Second, we extract as many colours as we need from a colour palette. We’ll use the purple one that we already defined.

cmap = mpl.colors.LinearSegmentedColormap.from_list(
    'Custom cmap', ["#FFFFFF", "#D6D1E2", "#AEA3C4", "#8575A8", "#5D478B"], 5)

# This defines how we want separate our regions by color
bounds = list(mapclassify.Quantiles(county_word_freq_df.i, k=5).bins)

# This controls how the colors are scaled using the above bounds
norm = mpl.colors.BoundaryNorm(bounds, cmap.N, clip=True)

Now we can plot using our custom color bounds. Note that since we defined our own color boundaries, we don't have a color bar and legend. We'll fix this later in 4.5

fig, ax = plt.subplots(1, figsize=(11,8.5))
ax.axis('off')
county_word_freq_df.plot(cmap=cmap, scheme='quantiles', 
                         ax=ax, column='i', linewidth=0.3, edgecolor='0.8')

<matplotlib.axes._subplots.AxesSubplot at 0x1a2d61a3c8>

4.4 Map Formatting¶

Let’s now look at various ways of tweaking the appearance of our maps, using the word ‘i’ as an example.

First, we set up the class interval and the colour palette. If we switch words we must redo this step, but for now we’ll just work with this map. Note that we’re still using the purple colour list collist defined earlier.

cmap = mpl.colors.LinearSegmentedColormap.from_list(
    'Custom cmap', ["#FFFFFF", "#D6D1E2", "#AEA3C4", "#8575A8", "#5D478B"], 5)

Next, we can change the width of the county borders by setting linewidth=0.3, which is especially useful because the counties are so small in the East. We'll also manually specify the color of the edges using edgecolor='black'

fig, ax = plt.subplots(1, figsize=(11,8.5))
ax.axis('off')
county_word_freq_df.plot(cmap=cmap, scheme='quantiles', 
                         ax=ax, column='i', linewidth=0.3, edgecolor='black')

<matplotlib.axes._subplots.AxesSubplot at 0x1a2b21ca90>

We can also change the colour of the county borders (reusing the colour palette we just defined) which by default aren't drawn. In the west where there are many counties without any mentions of the word, light lines can help make sense of the space. We use the edgecolor='0.8' argument to draw them as light gray. In matplotlib you can specify colors in many ways and we've used three examples in this tutorial (names, hexcodes, and fractions fo black) to give you a few examples.
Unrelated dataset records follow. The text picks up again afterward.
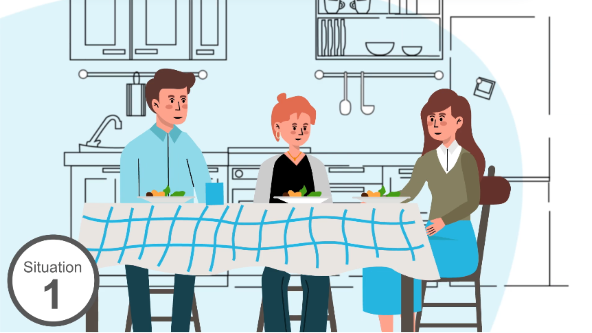 Mutter, Vater und jugendliche Tochter sitzen gemeinsam am Esstisch in der Küche. Beim Abendessen berichtet die Tochter von ihrem Schultag. Darauf wird die erste Gesprächssituation gezeigt. Tochter: „Wir haben heute über verschiedene Berufe geredet. Friseurin fand ich am besten. Ich hatte ja gar keine Ahnung, dass die auch Make-up machen. Und das kann ich ja schon. Dann könnte ich damit sogar Geld verdienen. Bei TikTok schaue ich das ja auch immer an. Ich könnte dann auch so Videos machen. Die haben super viele Views.“ Mutter: „Das ist doch komplett unrealistisch. Du bist naiv. Das schaffen doch nur ganz wenige. Und wie der Job wirklich ist, das weißt du doch auch nicht. So wie du es dir vorstellst, ist es sicher nicht.“ Tochter: „Aber so ist das doch gar nicht. Die zeigen ganz oft in den Videos, wie so ein Tag als Friseur ist. Und haben auch immer so coole Vorher -Nachher -Videos.“ Vater: „Na, wenn du meinst. Ich mische mich da nicht ein. Mach, was du denkst.“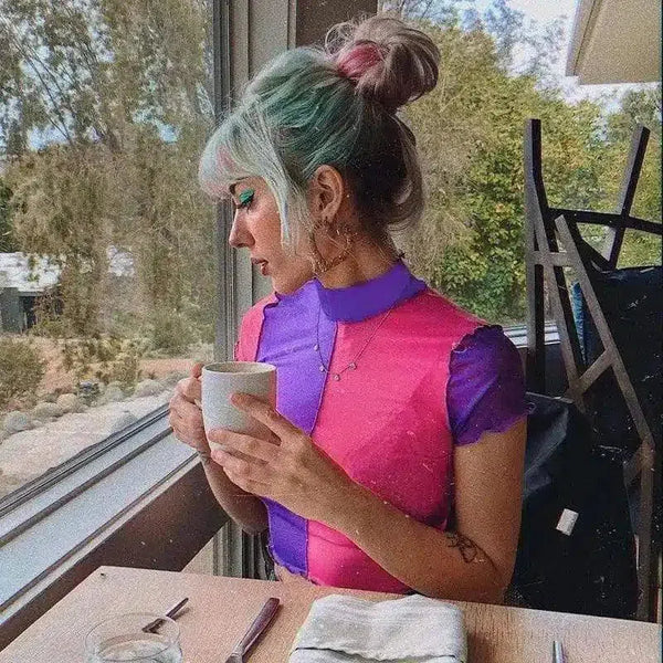 κοντομάνικο ομφαλό μπλουζάκι με πλέγμα αντίθεσης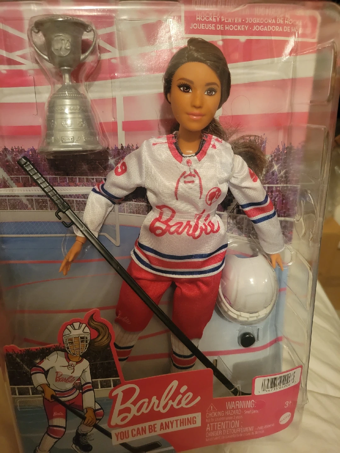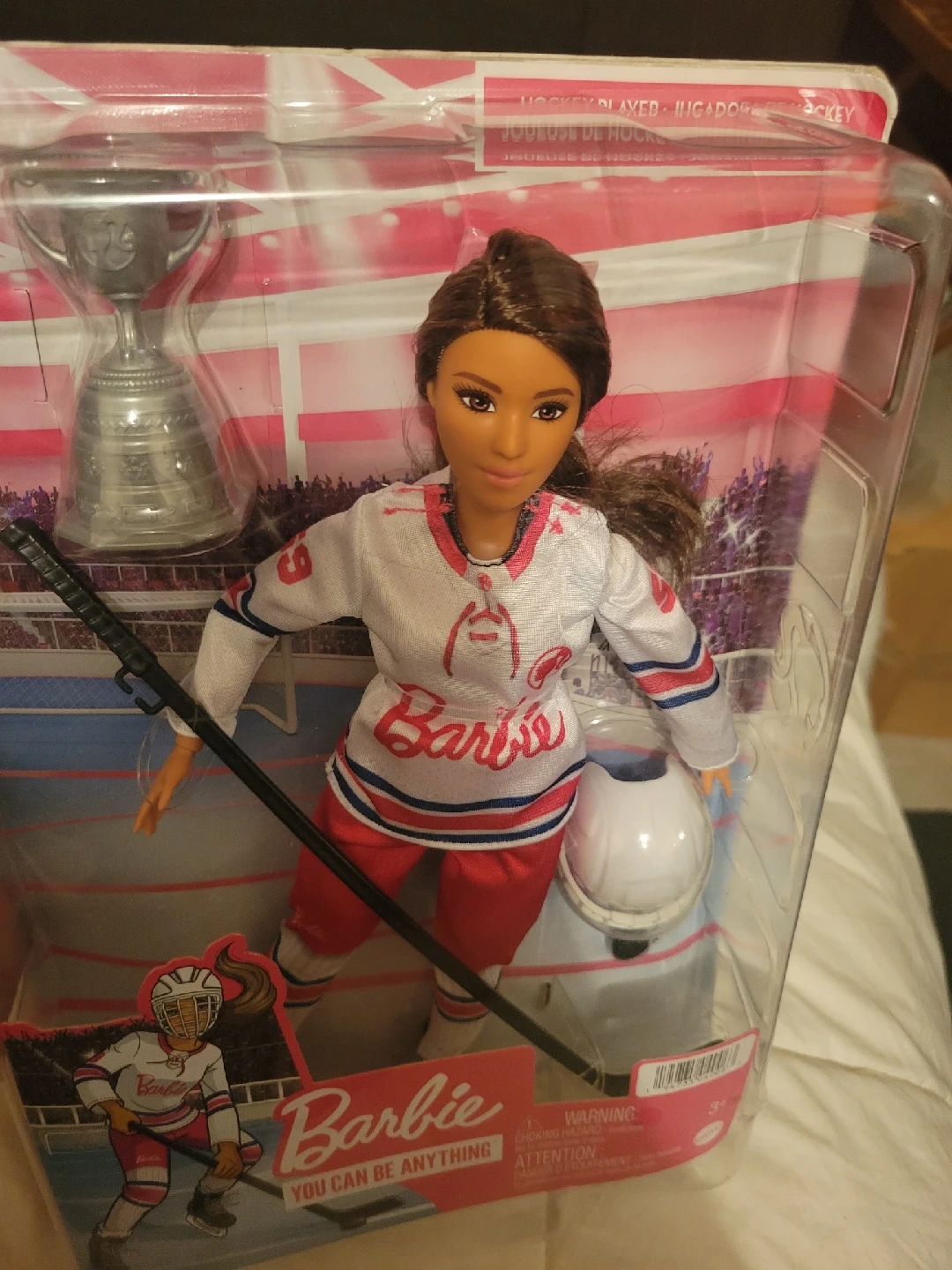 48Selling a brand new Barbie Hockey Player doll, still in its original packaging! It comes with a hockey stick, helmet, and trophy, ready for some fun on the ice. A great gift for any Barbie Collector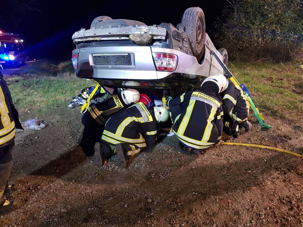 Auf dem Wadenberg in Bad Gandersheim ist es aus noch nicht geklärter Ursache zu einem Zusammenstoß zweier Personenkraftwagen gekommen. Als Folge des Zusammenstoßes stürzte ein PKW auf das Dach. In den Fahrzeugen, einem Skoda Octavia und einem Audi A4 wurden je eine Person mit dem Verletzungsmuster Polytrauma eingeklemmt.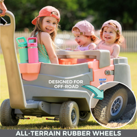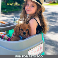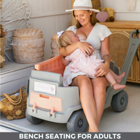 Not only is our wagon approved and certified to carry 4 children safely, but we also offer innovative features that adults will enjoy too: like a built-in cooler, bench seating, heavy-duty weight capacity, built-in Bluetooth and much more.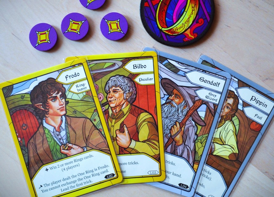 Fellowship of the Ring: Trick-Taking Game. Продолжение идей Crew, обёрнутое в сеттинг Властелина Колец. С трудом удалось пройти свою коробку, лишь на пароме по дороге в Германию и обратно, – там уже людям просто не было, куда деваться. Скоро выйдет вторая часть, но себе решил не брать, так как за два Crew и первую часть уже как будто подустал от такого. Первый Crew – восторг, второй – уже не такие яркие впечатления, Fellowship – умеренный позитив.
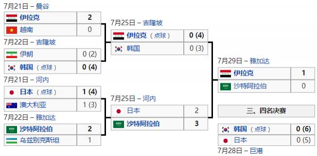 在四强对决中,伊拉克再度上演神奇,他们120分钟内与韩国0-0战平,在点球大战中4-3取胜对手;日本队虽然表现出了足够的韧劲,在两度落后的情况下短时间追平比分,但他们还是2-3负于沙特。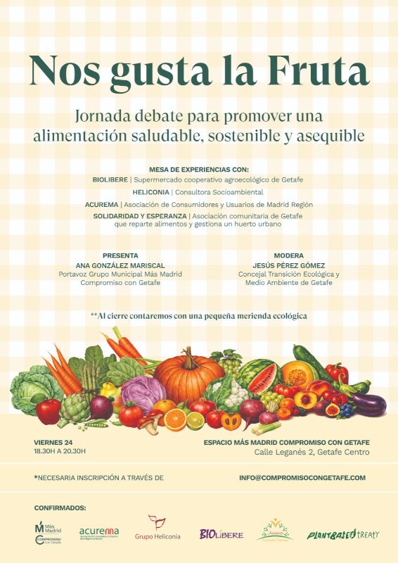 Getafe será escenario el próximo 24 de abril de una jornada dedicada a la alimentación sostenible, saludable y accesible bajo el título “Nos gusta la fruta: una dieta saludable, sostenible y asequible”, organizada por Más Madrid Compromiso con Getafe. El encuentro se celebrará entre las 18:30 y las 20:30 horas en su local de la calle Leganés número 2, en Getafe Centro.

fig, ax = plt.subplots(1, figsize=(11,8.5))
ax.axis('off')
county_word_freq_df.plot(cmap='Purples', scheme='quantiles', 
                         ax=ax, column='i', linewidth=0.3, edgecolor='0.8')

<matplotlib.axes._subplots.AxesSubplot at 0x1a2b2c8ac8>

We might also want so superimpose state borders here in a different colour and/or width. To do this we first have to generate a state-level geopandas dataframe from a shapefile. You can download the states shapefile here or get it from the included data.
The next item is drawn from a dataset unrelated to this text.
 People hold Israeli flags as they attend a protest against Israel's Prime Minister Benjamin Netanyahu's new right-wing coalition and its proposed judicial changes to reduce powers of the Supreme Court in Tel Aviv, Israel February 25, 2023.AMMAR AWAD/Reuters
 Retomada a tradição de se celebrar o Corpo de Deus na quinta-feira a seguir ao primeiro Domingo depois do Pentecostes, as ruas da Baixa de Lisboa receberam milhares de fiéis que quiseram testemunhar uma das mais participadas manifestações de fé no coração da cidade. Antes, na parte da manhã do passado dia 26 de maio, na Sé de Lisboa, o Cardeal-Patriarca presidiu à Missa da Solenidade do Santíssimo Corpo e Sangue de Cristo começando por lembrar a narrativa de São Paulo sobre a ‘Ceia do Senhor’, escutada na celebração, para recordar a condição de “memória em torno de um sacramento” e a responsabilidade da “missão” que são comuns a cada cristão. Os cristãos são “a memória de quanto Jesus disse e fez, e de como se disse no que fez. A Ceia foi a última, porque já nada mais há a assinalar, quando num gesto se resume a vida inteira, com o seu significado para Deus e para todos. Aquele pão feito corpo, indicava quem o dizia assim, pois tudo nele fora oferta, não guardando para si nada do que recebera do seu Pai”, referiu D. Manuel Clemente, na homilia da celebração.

We can plot both states and counties together by creating a single "figure" object using python's main plotting library, matplotlib and telling geopandas to plot the two shapefiles on it. Here, we'll use different colors and line widths for the edges to highlight the different boundaries. There are lots of options to the plot command that you can use to fine tune your figures.

Let's plot the states map file just as a sanity check.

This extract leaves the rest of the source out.